To these worthies Mr. Hitt posed a problem–suppose his name was Carl, and he wanted to murder his wife Linda, who was having an affair with someone bearing the Joycean name of Blazes Boylan, and intended to divorce Carl shortly, cutting him out of her large inheritance.  How could he do this in such a way as to 1)Avoid being caught, 2)Have Blazes take the blame, and 3)Make the murder memorable and stylish, not at all the usual sort of dull tasteless thing one reads about in the papers nowadays.  Something that would be talked about for generations to come. Lovesey seems to have made the suggestion that Carl could publish the details in his posthumous memoirs.

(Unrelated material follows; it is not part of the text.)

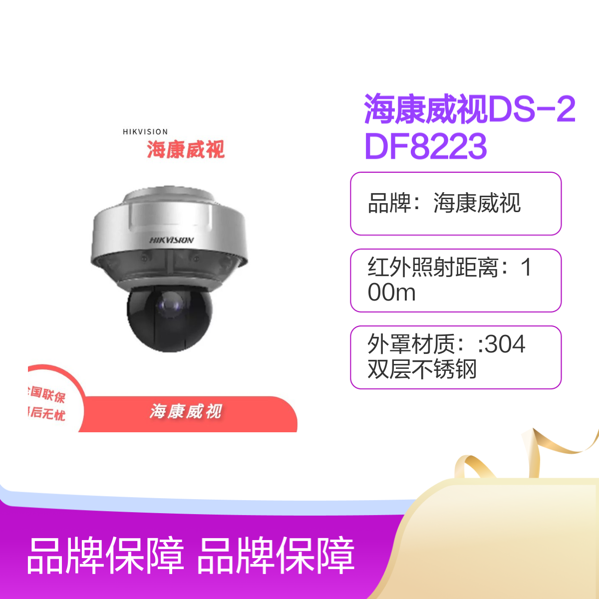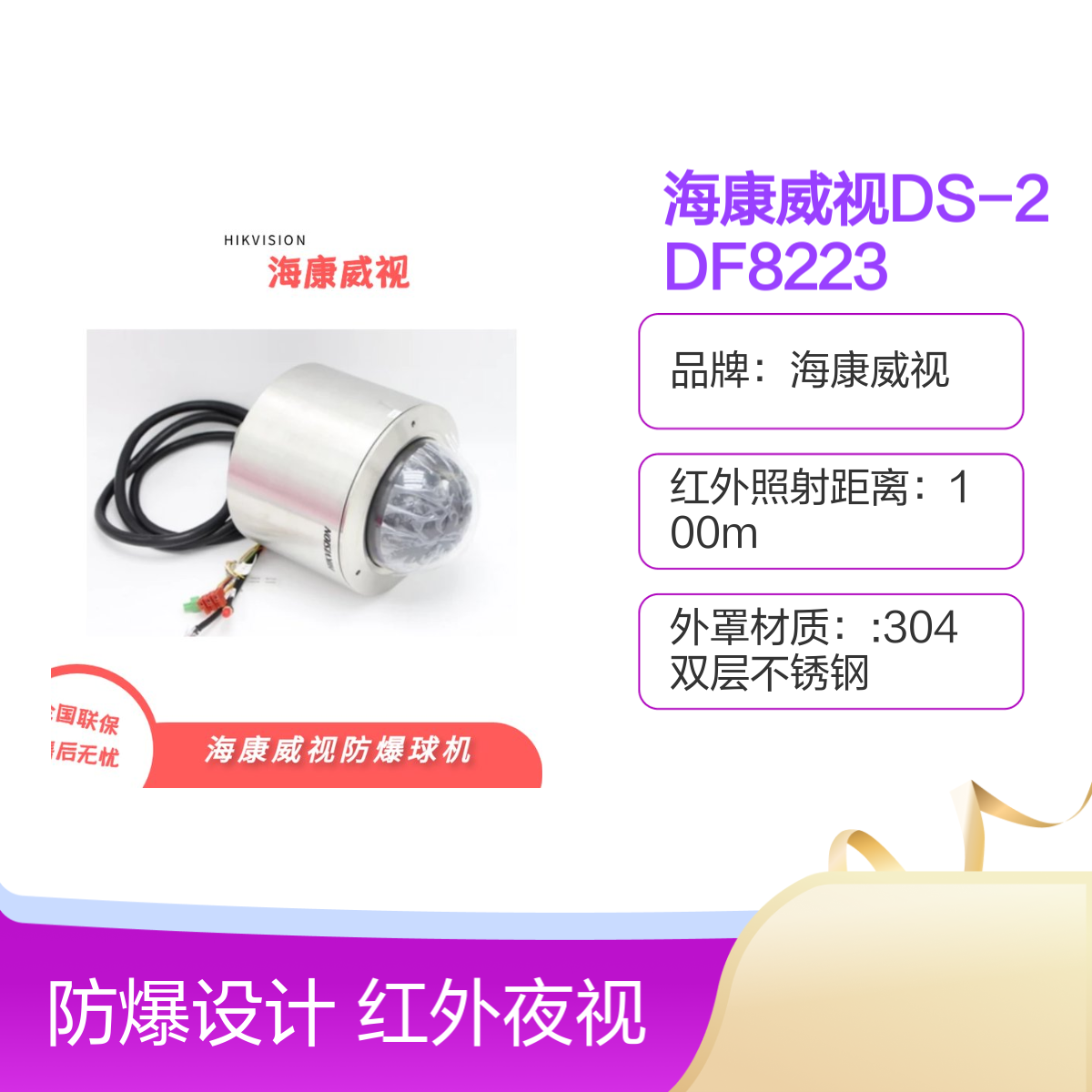 品牌:海康威视是否支持加工定制:否是否进口:否是否支持红外:是材质:304双层不锈钢是否支持电脑监控:是电压:AC220±10%电源:AC220±10%,80WMax分辨率:200万工作电压:AC220V±10%功率:80Max功能:红外、防爆红外灯照射距离:100m计量单位:台类型:防爆云台球机是否支持实时画面:是像素:200型号:DS-2DF8223IW-CWX重量:22Kg产品分类:安防监控设备

What followed was seven pages of enthused back and forth between the writers (with little in the way of interruption from their moderator, if that’s what you want to call him–nothing terribly moderate about that discussion, you ask me).  Feeling suitably encouraged by the results of his thought experiment in execution, the aptly-named Mr. Hitt decided to do it all again on a larger canvas, and the result can be seen above.

Lawrence Block was brought in to sub for Ms. Pickard.  I want everyone to know that the images of him and Mr. Westlake up top being larger is a formatting thing, and not me playing favorites, though they are in fact the only writers in that assembly I am well familiar with,  ‘cozies’ not being my usual thing.  I just wanted to make a suitably chilling rogue’s gallery, and of course only black and white photos would do for this macabre array of blood-boltered fiends.  Though Mr. Block looks good in sepia, I must say.

And instead of a convivially bloody discussion over Bloody Marys (I’m sure Westlake and Block opted for bourbon), it became a round robin correspondence between Hitt–now taking the deceptively mild-mannered name of ‘Tim’–and the five avariciously adversarial authors, who have been promised much in the way of filthy lucre should Tim successfully employ one of their plans.  Tim proposes, they disposes.  Perhaps literally, in one case.   Hitt mentions in the preface that the correspondence took about a year to complete–meaning, I’d assume, that the authors were not merely dashing off their responses–they were taking the project seriously.  Though not somberly.

(I wish the original article was available free online, but Harper’s has opted to insist that you either subscribe or shell out $6.95 to read it on their website–that’s nearly a dollar a page!  Did they even pay Hitt that much?  However, working at a library has its perks, and one of them is a thing called Proquest.  I have a print-out of the piece on my desk as we speak, for which I paid precisely bupkus. I had hoped to be able to send it to my readers individually upon request, but that doesn’t seem to work, so I’ll post scans next week.)

‘Tim’ opens with a lament on the sadly diminished state of the fine art of murder (consciously echoing De Quincey, whose famous Blackwoods essay on this subject is referenced specifically in his introductory missive).  He lays out a specific set of circumstances–he married for money.  He studied to be a doctor before that.  His wife is betraying him with his best friend, still named Blazes Boylan, but no Leopold Bloom is Tim.  He wants revenge, and he wants to inherit his wife’s fortune, and he wants Blazes to be punished for the murder, and he wants the murder to be artistic enough so that when he posthumously reveals it in his memoirs, people will never stop talking about him in awed and reverent tones.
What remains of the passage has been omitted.